Max Slater

Computer Graphics, Programming, and Math

Monte Carlo Crash Course


Exponentially Better Integration

By introducing randomness, Monte Carlo methods let us integrate high-dimensional functions exponentially faster than traditional algorithms.

Integration

Many interesting quantities can be computed by evaluating an integral. For example:

\[ \mathcal{L}_o(\mathbf{x},\omega_o) = \mathcal{L}_e(\mathbf{x},\omega_o) + \int_\Omega \mathcal{L}_i(\mathbf{x},\omega_i)f_r(\omega_i,\omega_o)(\mathbf{n}\cdot \omega_i)\, d\omega_i \]
\[\begin{align*} \mathcal{L}_o&(\mathbf{x},\omega_o) = \mathcal{L}_e(\mathbf{x},\omega_o) \\&+ \int_\Omega \mathcal{L}_i(\mathbf{x},\omega_i)f_r(\omega_i,\omega_o)(\mathbf{n}\cdot \omega_i)\, d\omega_i \end{align*}\]
\[ C(S,t) = e^{-r(T-t)} \int_K^\infty (S_T-K)f_S(S_T)\, dS_T \]
\[\begin{align*} C&(S,t) =\\& e^{-r(T-t)} \int_K^\infty (S_T-K)f_S(S_T)\, dS_T \end{align*}\]

In fact, applied mathematics is full of differential equations, many of which have equivalent integral forms. Hence, similar formulas show up in physics, engineering, and even machine learning.

However, there’s a catch: analytically solving these sorts of integrals is often infeasible. Instead, we must turn to numerical integration—using computers to approximate the true result.

Quadrature

Let’s start simple: how might we numerically integrate $$\sqrt{x}$$? One strategy is to partition the domain into intervals of length $$\frac{1}{N}$$, then sum the areas of corresponding rectangles with height $$f$$.1

By increasing $$N$$, we can compute a close approximation of the exact answer, $$\frac{2}{3}$$. Given a sufficiently large $$N$$, our approximation’s error, or distance from the true value, will be proportional to $$\frac{1}{N}$$.

Therefore, if we want to cut our error in half, we simply need to use twice as many rectangles.

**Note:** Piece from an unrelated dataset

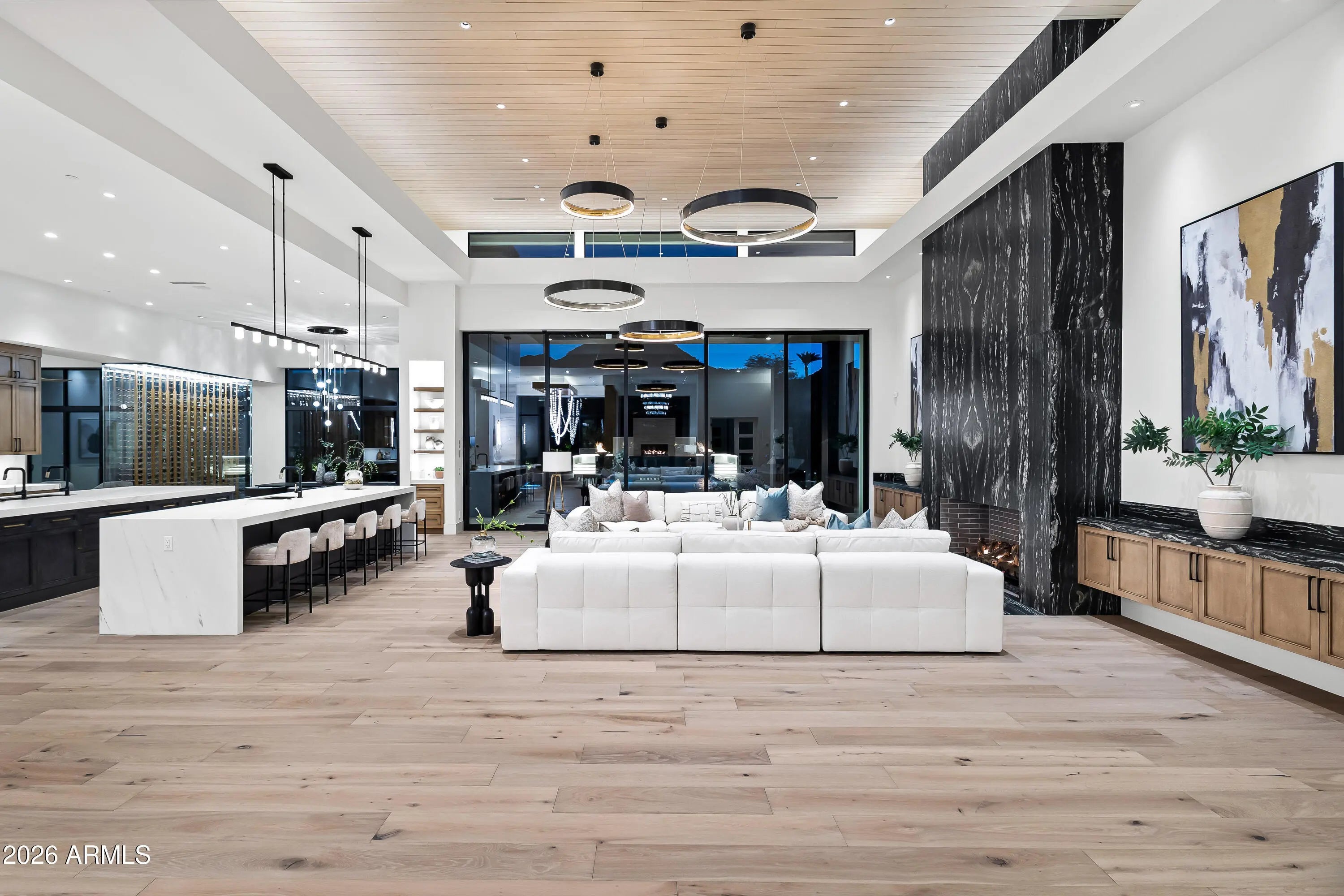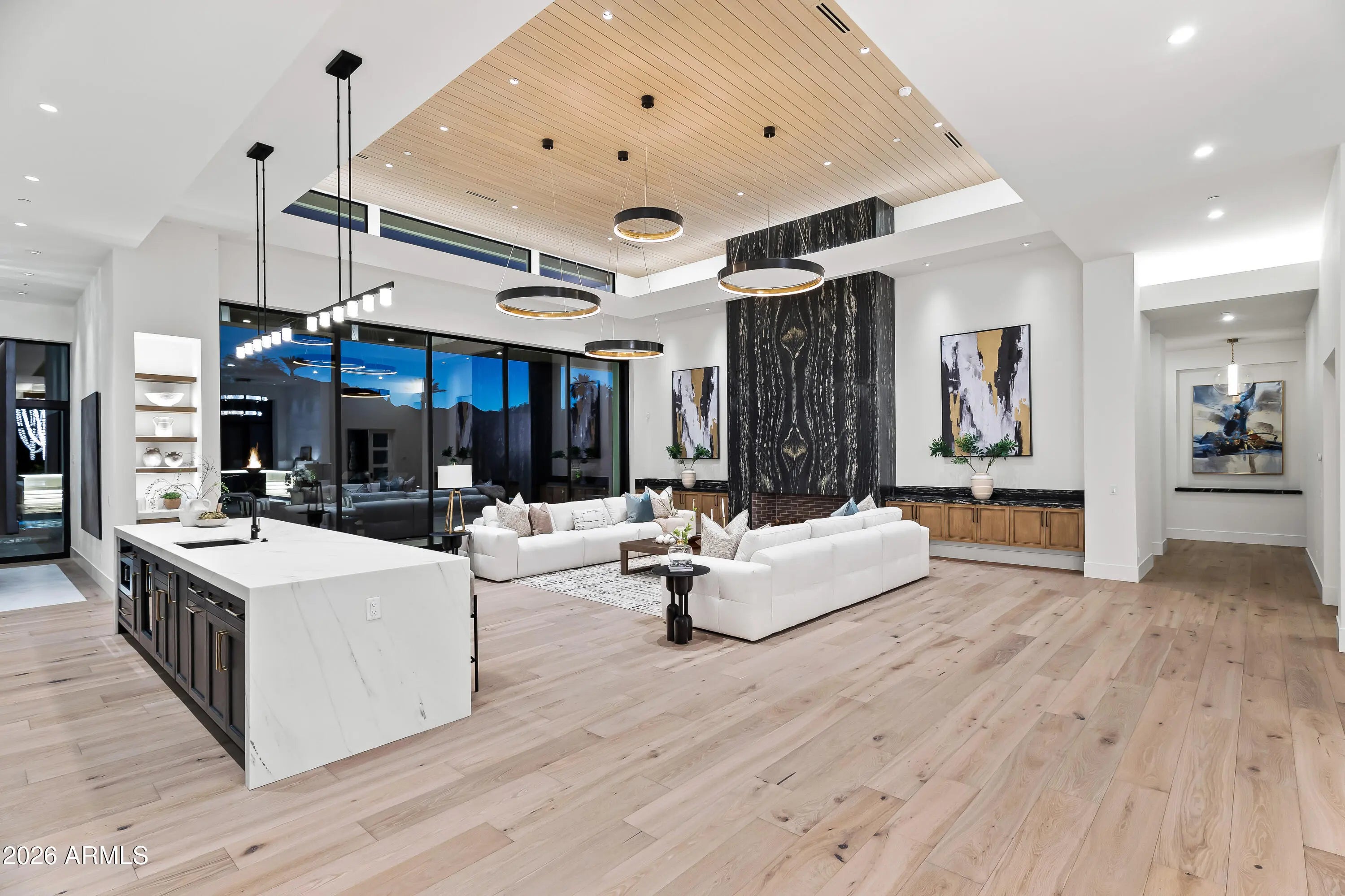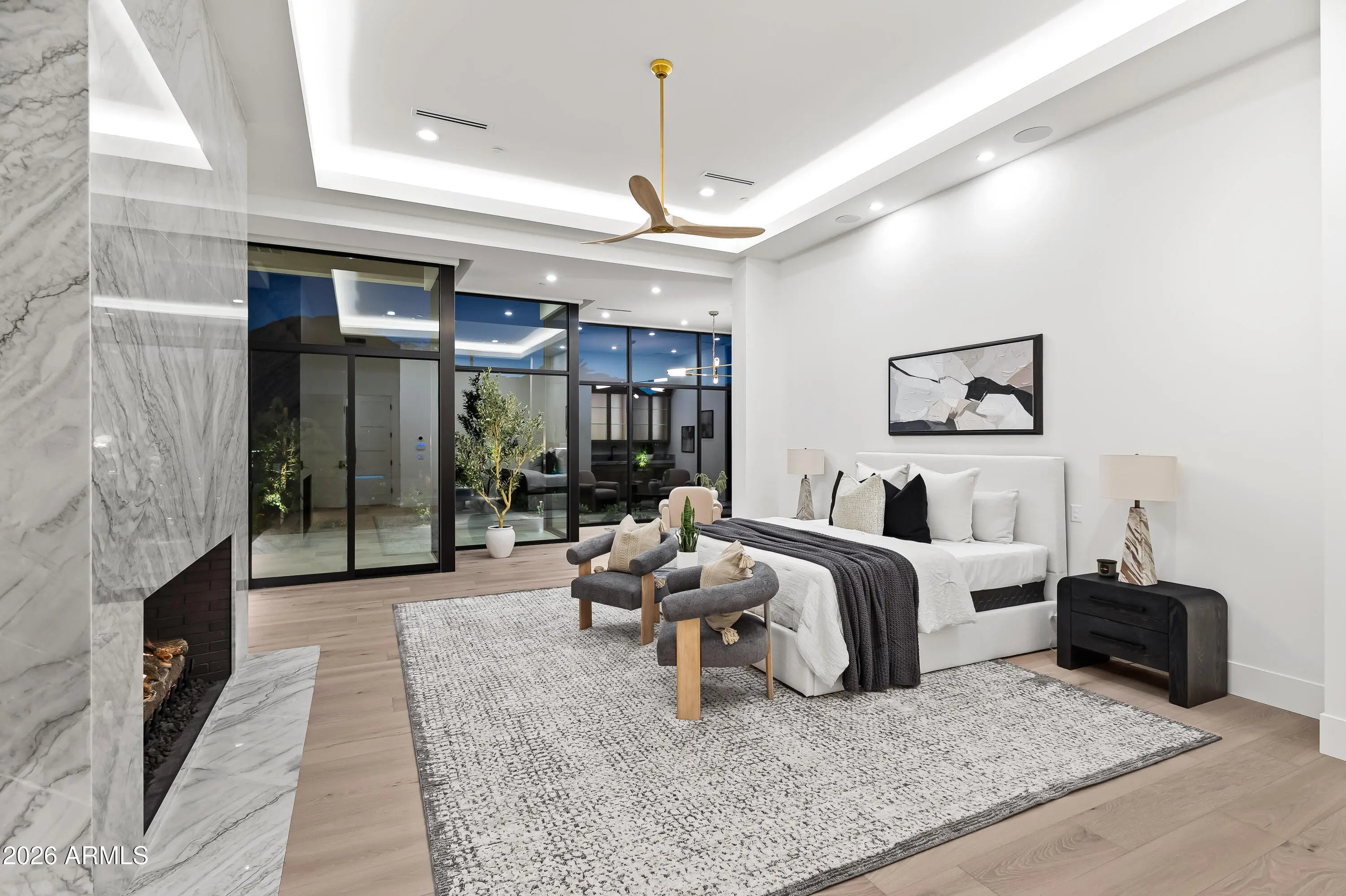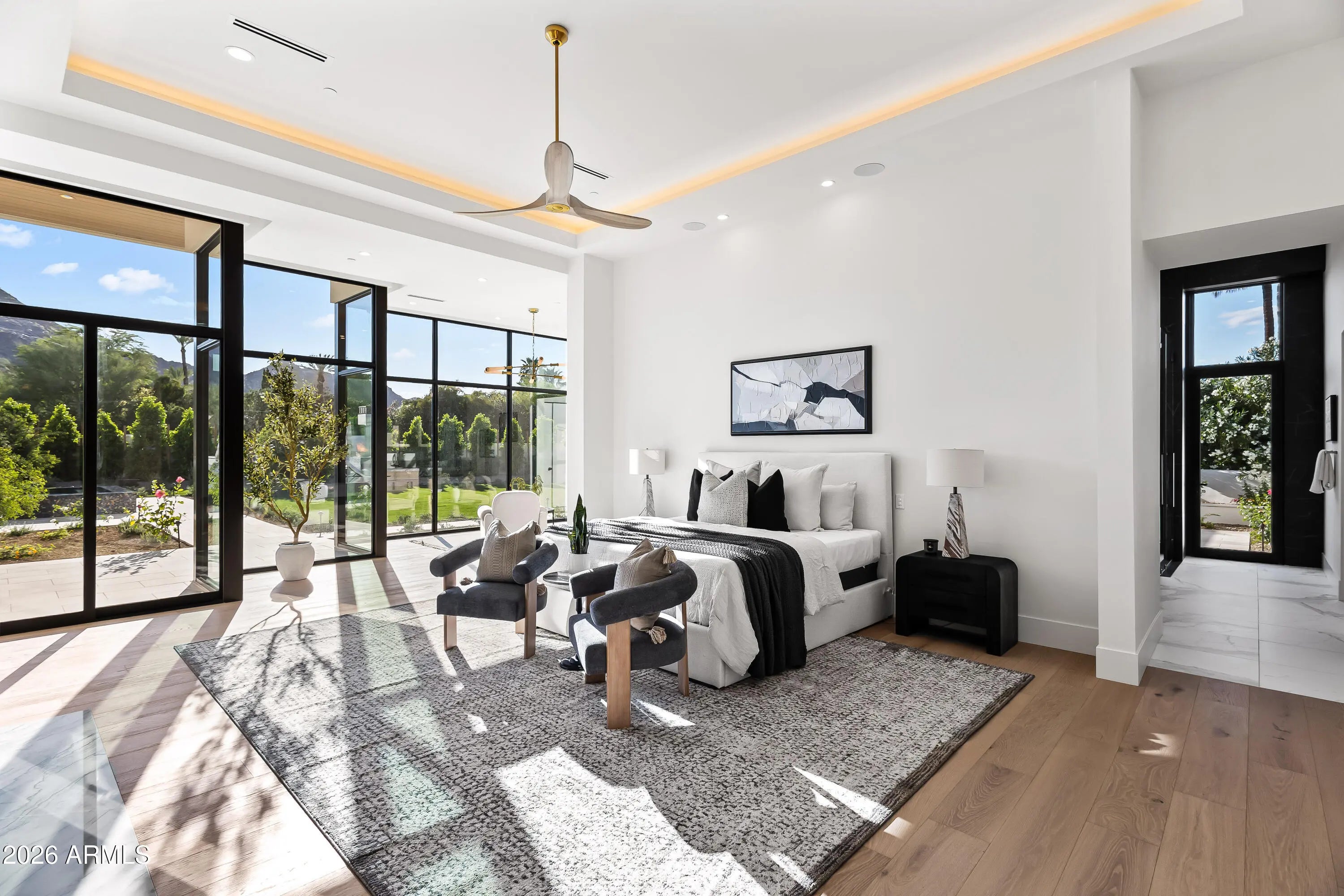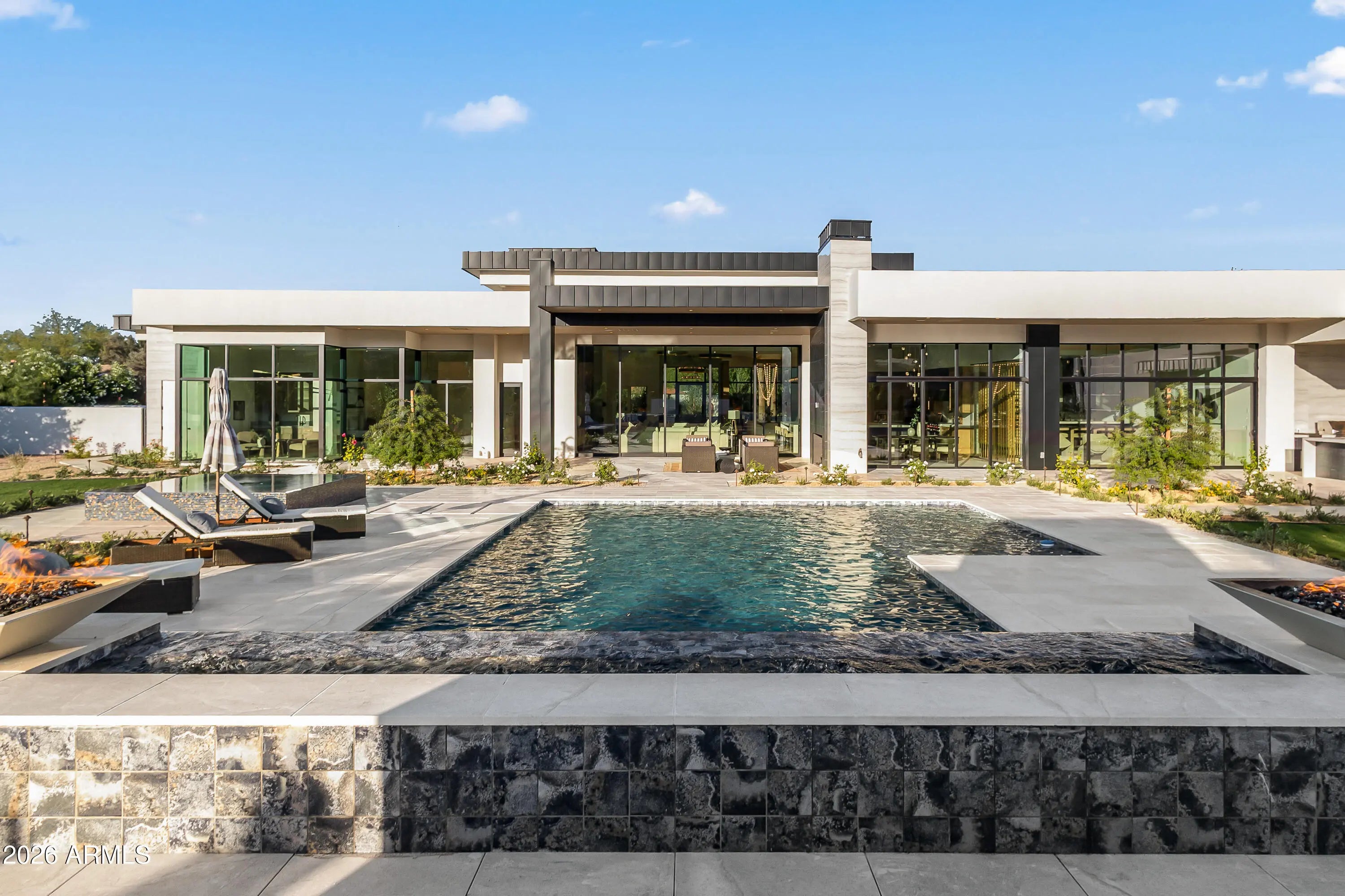 Newly completed architectural masterpiece showcasing breathtaking Mummy Mountain views in the heart of Paradise Valley. Situated on an expansive 1+ acre lot within the prestigious Camelback Country Club Estates, this exceptional single-level estate offers refined desert luxury and seamless indoor-outdoor living. The main residence features 4 spacious bedrooms and 6 spa-inspired bathrooms, complemented by a private 1 bed/1 bath guest casita complete with its own kitchen and living area--ideal for guests or multigenerational living. Designed for both grand entertaining and everyday comfort, the open-concept floor plan includes a stunning great room, formal dining area, and elegant living room anchored by a dramatic marble fireplace. The chef's kitchen is a true centerpiece, featuring dual oversized islands, a breakfast nook, and a fully equipped butler's pantry. The luxurious primary suite offers a private sitting area, direct access to a serene courtyard, an adjoining fitness room, and a spa-like bath with an expansive walk-in closet complete with in-suite laundry. Resort-style outdoor living includes a custom heated pool and spa, outdoor fireplace, fully equipped kitchen with island, and multiple lounge and entertaining spaces surrounded by mountain views. Additional highlights include a private office with custom built-ins, a game room with a striking glass wine wall and full wet bar, and a 4-car garage. Ideally located just minutes from top-rated schools, world-class resorts, fine dining, upscale shopping, and entertainment.

Choosing a more complex discretization of our domain can decrease error without increasing $$N$$. For example, we could partition the area into trapezoids, or perhaps choose rectangle widths based on how quickly $$f$$ changes. This broader class of techniques is often referred to as quadrature.2

The Curse of Dimensionality

For functions like $$\sqrt{x}$$—well-behaved and one-dimensional—quadrature can be accurate and efficient. However, we’re interested in integrating much higher-dimensional functions.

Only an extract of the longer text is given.